Alberto Cairo, author of How Charts Lie, went into great detail on the issues with this chart as initially presented in a thorough blog post. Essentially, the data was sorted in a way that did not allow users to easily see the trends in the data. When pointed out, the Georgia Department of Public Health did re-post the visualization with a new design that was more straightforward.
With this contemporary example of the simple ways to change viewer understanding based on chart design, this data seemed ripe for exploration with Knarr. For our first-ever Data Diary, Speros Kokenes, Knarr CTO, pulled the closest approximation to the Georgia data used that he could find (as the specific data used in the original chart was not publicly available). The data used in his analysis was from USAfacts.org which reports the daily number of new COVID cases by county.

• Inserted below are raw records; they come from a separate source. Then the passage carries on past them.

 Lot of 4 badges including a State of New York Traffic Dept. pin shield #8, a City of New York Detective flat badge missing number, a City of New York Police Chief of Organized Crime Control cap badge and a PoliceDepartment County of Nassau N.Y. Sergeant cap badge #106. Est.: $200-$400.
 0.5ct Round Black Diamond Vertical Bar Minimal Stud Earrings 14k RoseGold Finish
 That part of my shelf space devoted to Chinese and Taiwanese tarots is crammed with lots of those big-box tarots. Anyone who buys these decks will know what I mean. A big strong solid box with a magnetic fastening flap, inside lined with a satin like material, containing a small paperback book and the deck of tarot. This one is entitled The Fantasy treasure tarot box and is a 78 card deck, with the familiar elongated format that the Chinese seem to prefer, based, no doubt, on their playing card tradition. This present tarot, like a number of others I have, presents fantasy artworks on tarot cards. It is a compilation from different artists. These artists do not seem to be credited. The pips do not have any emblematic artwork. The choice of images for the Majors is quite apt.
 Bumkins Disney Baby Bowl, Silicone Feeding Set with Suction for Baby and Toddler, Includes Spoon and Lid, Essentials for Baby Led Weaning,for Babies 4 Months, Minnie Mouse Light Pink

To begin, Speros was able to quickly drag and drop the CSV file containing daily new COVID cases for every county in the United States into Knarr. From there he selected just the five counties mentioned in the original Georgia chart, then he selected just the 15-day period in question. The next step was to draw a chart to visualize those dates then add the dimension of “New Confirmed Cases” for easy comparison. This yielded a simple histogram of the overall number of cases by day for these five counties. The next step to reproduce the chart was to break the overall case numbers down by county, which was done by adding county name as a dimension. Since the chart’s sorting was already temporal, this gave a visualization of the original chart that was much easier to interpret.
From this version, Speros re-creates a version similar to that offered by Alberto, which added individual bars for each day. In Notes, he is able to take a Snapshot of this interpretation and save it, then move on and work to build different views of the same information. There are usually so many ways to look at the same data, and the next interpretation demonstrates just that. One useful way to examine the daily cases of these five Georgia counties is to group the daily chart numbers by county and view them simultaneously allowing a user to compare daily trends for each county easily.

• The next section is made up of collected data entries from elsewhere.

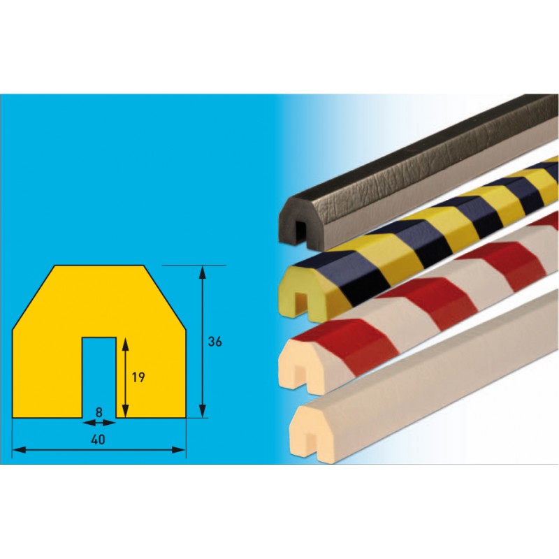 Profil BB - Kantenschutzprofil zum Aufstecken oder auch mit Spezialkleber PU 152 fixierbar. Je nach Bedarf in farblicher Signalwirkung ab scharfen Tischkanten, Glasplatten, Regalböden oder T-Träger montiert, bietet der elastische PU-Schaum idealen Verletzungsschutz. Die Schlitzbreite beim Profil B beträgt 8 mm und eignet sich für Breiten von 6 bis 10 mm.
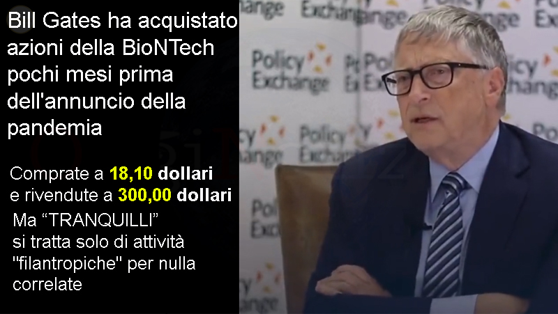Bill Gates ha acquistato azioni di BioNTech (partner di Pfizer per le sue iniezioni mRNA Covid) nel settembre 2019… pochi mesi prima che la pandemia fosse annunciata… Gates ha acquistato 1.038.674 azioni al prezzo di offerta pre-pubblica di 18,10 dollari per azione… Gates ha venduto le sue azioni nel novembre 2021 ad un prezzo di vendita medio di $ 300 per azione… Gates lo stesso giorno ha detto… “Abbiamo bisogno di un nuovo modo di fare i vaccini, perché i vaccini *non hanno fermato la trasmissione*”… nonostante tutte le sue precedenti affermazioni contrarie. È quasi come se Gates sapesse che il Covid-19 sarebbe stato rilasciato e sapesse anche che i vaccini non sono mai stati progettati per fermare la trasmissione.
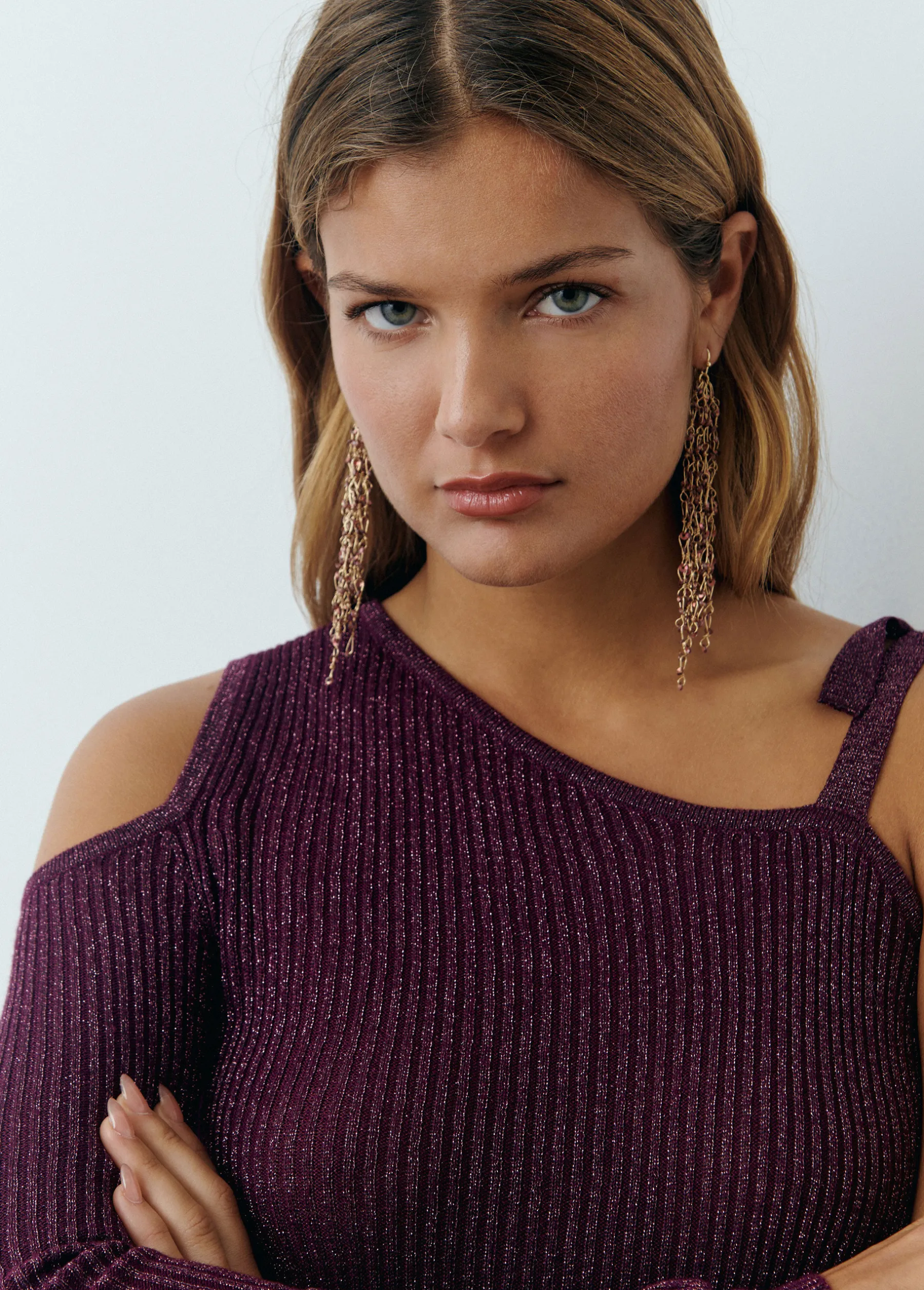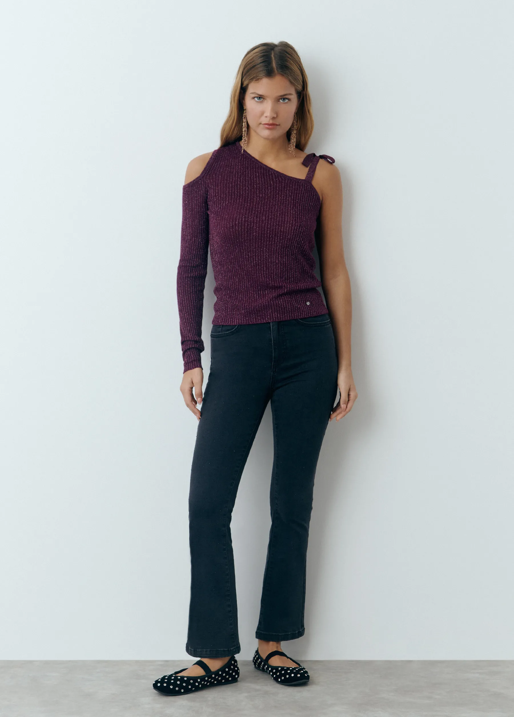 Jersey liso asimétrico con una manga, detalle de cut-out en el hombro y lazada.

From here Speros uses Knarr to examine larger trends in these cases by viewing these counties’ cases and including all dates– not just for that 15-day period. For those that really want to explore large data sets, this is the fun part. He then looks at this same data for all counties in the US.
In the next segment, Speros adds a dataset from the US Census that represents population estimates by US counties. This allows a user to view cases per 100,000 residents– which throws the data into a whole new perspective. In this view, a user can understand the significance of Georgia’s Hall County’s rising number of cases given that its population by comparison with the other counties included in this assessment– is relatively low.
Through analyzing this data in different methods with Knarr, it’s easy to see that the same data can be shown in many different ways– ways that can sometimes change what the reader interprets the data to mean. This is why we believe that data exploration is such a crucial part of the data analysis process. To join us on the data exploration journey, visit knarr.io, and sign up for free to do your own exploring.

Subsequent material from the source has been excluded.